Friday, 14 March 2014

Keeping the Kanban team fed

Running our Kanban Backlog

When we switched from Scrum to Kanban, one of the things we wanted to achieve alongside this was a better way of prioritising our backlog.  The previous product owner had used qualitative rather than quantitative assessments to select stories for the next sprint; we now had a new product owner, and he, with us, wanted to try and be a bit more analytical.

At this stage of our site's evolution, we were focussing on two metrics: engagement and commerce.  Engagement was measured by how frequently our user base logged in, and how long they stayed.  Commerce was measured by income generated.

We also wanted to provide some visibility of what was coming next for everyone, both in the dev team and the wider company.  Previous attempts to do this with a road map for the year had failed pretty miserably, so we didn't want to commit to "when", just "what's next".

Lastly, we wanted to a greater degree of engagement.  The value of previous stories had sometimes been questioned by the people building them, with a disconnect between the product owner and the dev team.  We wanted an obvious and visible way for everyone to be able to see the answer to the question "why are we doing this now?"

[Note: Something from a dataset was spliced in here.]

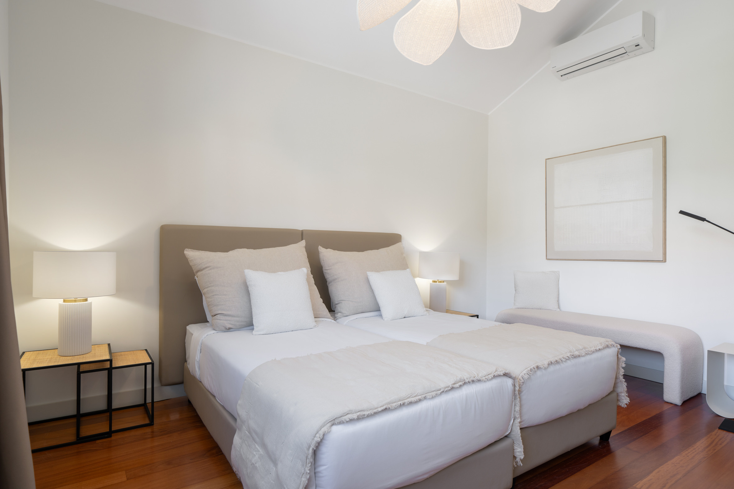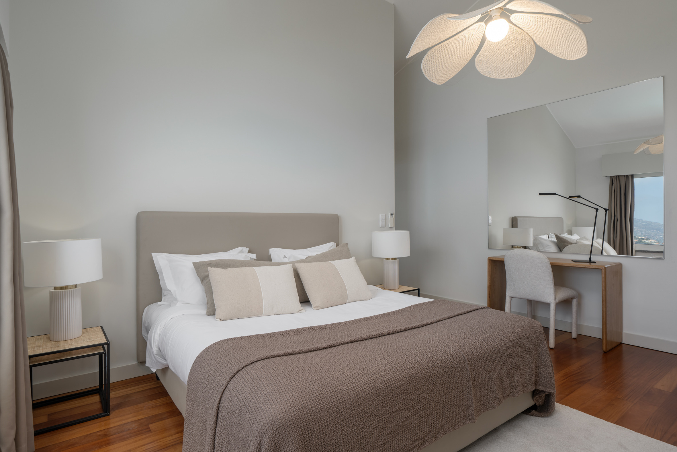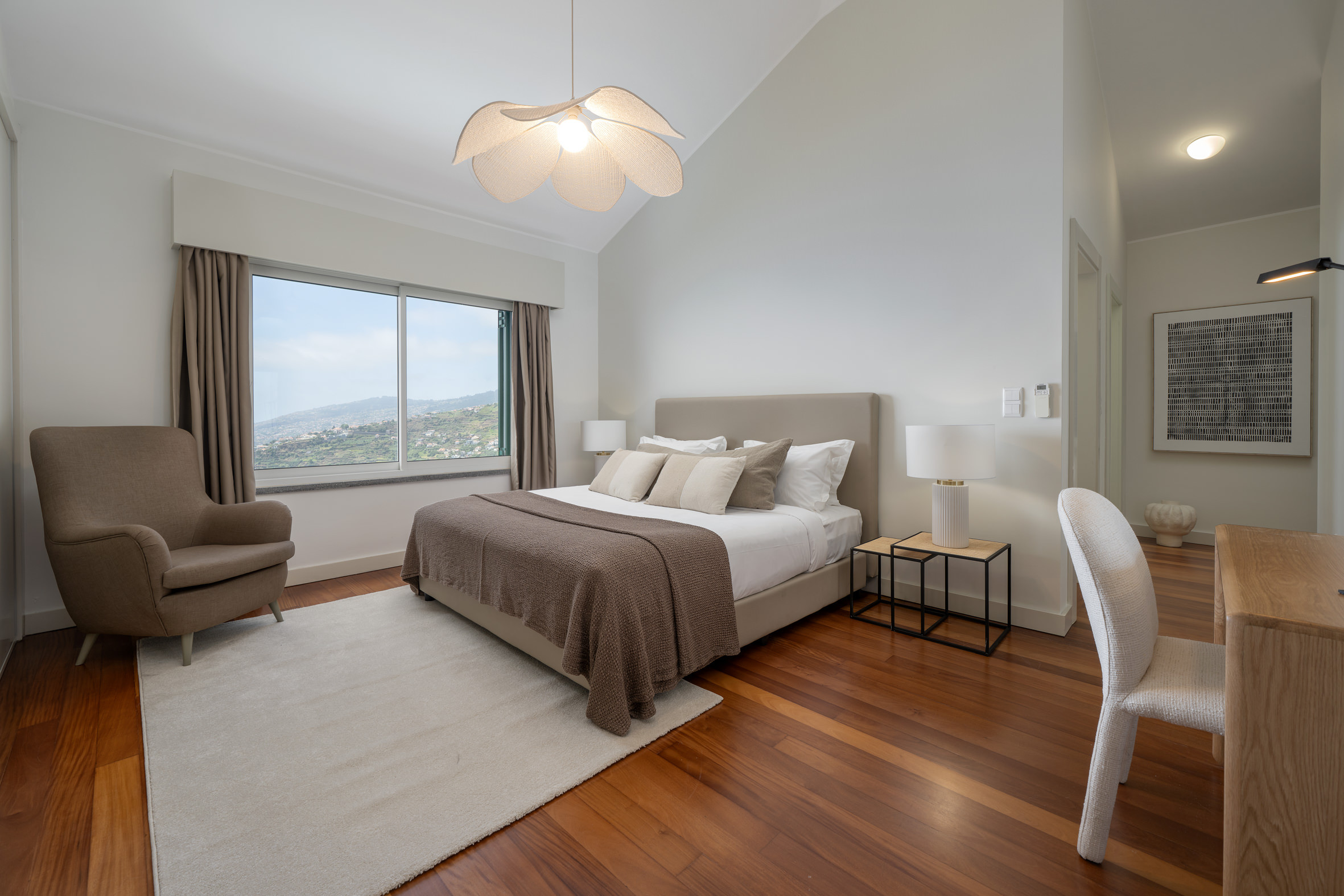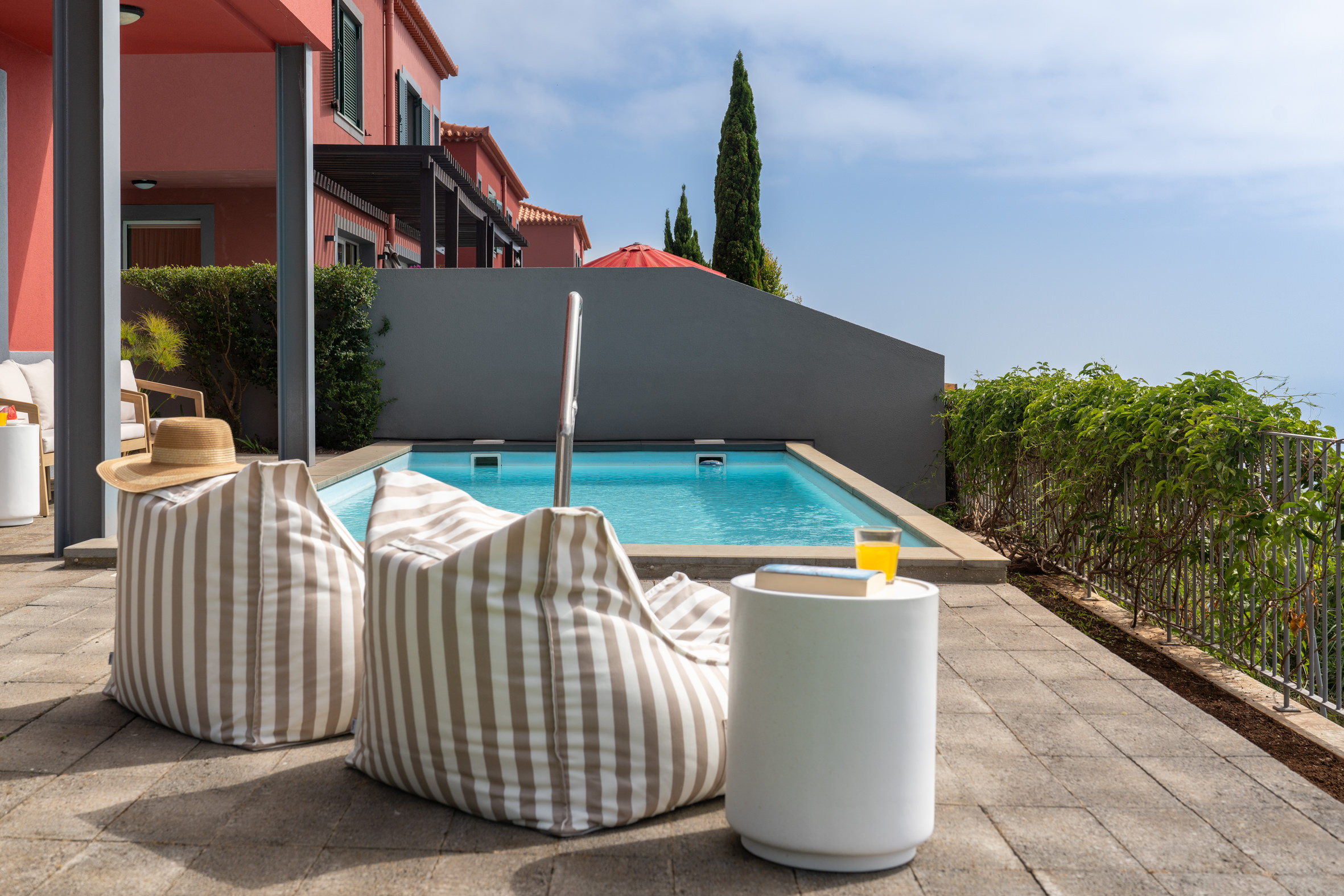 Surrounded by an open landscape of mountains and sea, the exterior was designed to celebrate Madeira's natural light. A private swimming pool sits at the heart of the outdoor area, offering a peaceful place to unwind while admiring the unobstructed views. Comfortable sun loungers and shaded sitting areas invite you to enjoy each hour of the day, from quiet mornings to golden afternoons. The barbecue area and covered dining space provide the perfect setting for alfresco meals shared with family or friends. The warm tones of the façade contrast beautifully with the surrounding greenery, creating a timeless connection between architecture and landscape. Whether watching the sunset from the terrace or gazing at the stars reflected on the water, every moment outdoors feels calm, unhurried, and in perfect balance with nature.

The Prioritization Meeting

We convened a fortnightly meeting, with people from various parts of the business, including at least one analyst, developer and tester from the dev team.  The meeting is chaired and facilitated by the product owner.

The output of the meeting is two lists of six features.  One list is the "Priority list", and is what we definitely want to do next; the second the "Reserve list" and is for features that we want, but didn't make the grade for the top division.

The One Pager

For each feature we create a form which we call a 'one-pager'.  As the name implies, it contains everything useful on one piece of paper:
  • A name
  • A very brief description
  • An impact rating (high, medium, low) on our two criteria (engagement & commerce)
  • A t-shirt size (small, medium, large) estimate on the effort
We allow anyone within the business to propose a new feature.  All they have to do is produce a one pager, and pitch it to the meeting.

How the Meeting Runs

At the first meeting we deliberately started with a blank sheet, even though we already had a backlog.  Much of this backlog was quite old now, and of questionable relevance.  The product owner and a few of his team produced one-pagers for the features that they felt they wanted, and then pitched them to the meeting.

We use a large graph on the wall with two axes - one measuring impact on engagement, the other on commercials.  For each feature a small post-it is stuck on the graph. A feature which the meeting thinks will deliver well against both measures would be placed top right; one which is poor on both would be bottom left.  The idea is for the meeting to reach consensus, but if it can't then the product owner adjudicates.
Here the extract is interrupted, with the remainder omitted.